▶ **YOUR OBJECTIVE**
Reproduce exactly, and only, the lines of the material below running from the line bearing "需要的各类玄石在日常活动中即" through the line bearing "On the evening". Leave any pictures out.

▶ **ENTRIES PROVIDED**
Start of Block
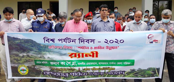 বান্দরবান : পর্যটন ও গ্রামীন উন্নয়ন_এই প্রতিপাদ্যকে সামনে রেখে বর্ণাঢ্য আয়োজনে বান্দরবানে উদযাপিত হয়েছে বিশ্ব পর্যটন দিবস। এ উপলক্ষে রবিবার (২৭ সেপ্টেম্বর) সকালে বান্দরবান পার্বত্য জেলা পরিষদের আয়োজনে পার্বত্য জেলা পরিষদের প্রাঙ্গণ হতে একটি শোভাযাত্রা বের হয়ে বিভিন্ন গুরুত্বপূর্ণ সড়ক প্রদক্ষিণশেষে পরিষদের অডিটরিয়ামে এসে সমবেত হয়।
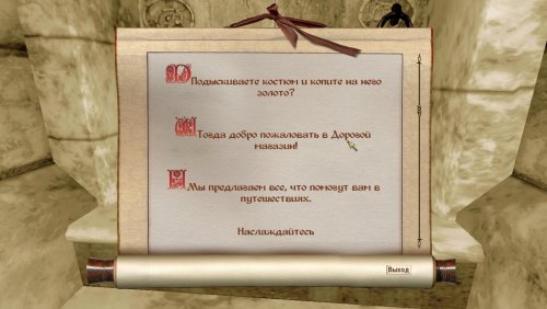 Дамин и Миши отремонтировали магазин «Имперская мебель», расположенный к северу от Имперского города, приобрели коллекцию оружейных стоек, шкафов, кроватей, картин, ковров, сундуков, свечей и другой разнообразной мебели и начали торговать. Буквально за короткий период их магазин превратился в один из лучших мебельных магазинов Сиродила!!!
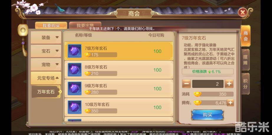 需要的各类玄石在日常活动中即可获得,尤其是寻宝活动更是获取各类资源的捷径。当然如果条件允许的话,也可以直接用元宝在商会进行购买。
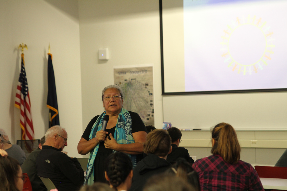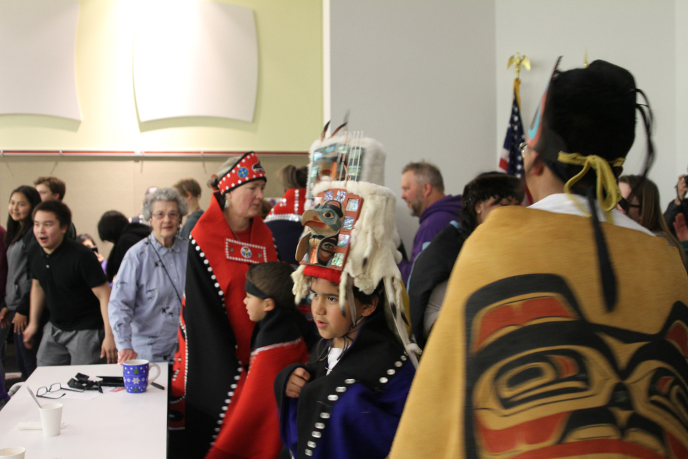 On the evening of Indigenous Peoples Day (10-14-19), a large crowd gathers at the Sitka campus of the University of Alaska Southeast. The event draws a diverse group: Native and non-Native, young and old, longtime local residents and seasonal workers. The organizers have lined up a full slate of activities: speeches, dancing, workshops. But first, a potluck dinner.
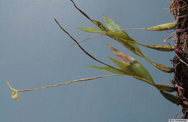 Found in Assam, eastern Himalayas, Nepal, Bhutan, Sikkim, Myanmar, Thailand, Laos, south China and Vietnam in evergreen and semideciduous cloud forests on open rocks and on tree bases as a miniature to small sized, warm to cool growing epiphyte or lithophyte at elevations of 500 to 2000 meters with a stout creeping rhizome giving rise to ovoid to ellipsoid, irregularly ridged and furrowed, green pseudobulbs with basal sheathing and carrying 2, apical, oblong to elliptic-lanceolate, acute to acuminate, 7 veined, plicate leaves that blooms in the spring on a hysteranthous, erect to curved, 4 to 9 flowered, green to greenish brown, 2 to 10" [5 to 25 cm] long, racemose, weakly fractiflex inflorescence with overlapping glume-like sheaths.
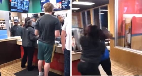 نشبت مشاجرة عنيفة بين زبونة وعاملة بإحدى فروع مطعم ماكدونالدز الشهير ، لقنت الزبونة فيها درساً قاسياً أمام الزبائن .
End of Block
▶ **ANSWER TO THIS TASK**
 需要的各类玄石在日常活动中即可获得,尤其是寻宝活动更是获取各类资源的捷径。当然如果条件允许的话,也可以直接用元宝在商会进行购买。
 On the evening of Indigenous Peoples Day (10-14-19), a large crowd gathers at the Sitka campus of the University of Alaska Southeast. The event draws a diverse group: Native and non-Native, young and old, longtime local residents and seasonal workers. The organizers have lined up a full slate of activities: speeches, dancing, workshops. But first, a potluck dinner.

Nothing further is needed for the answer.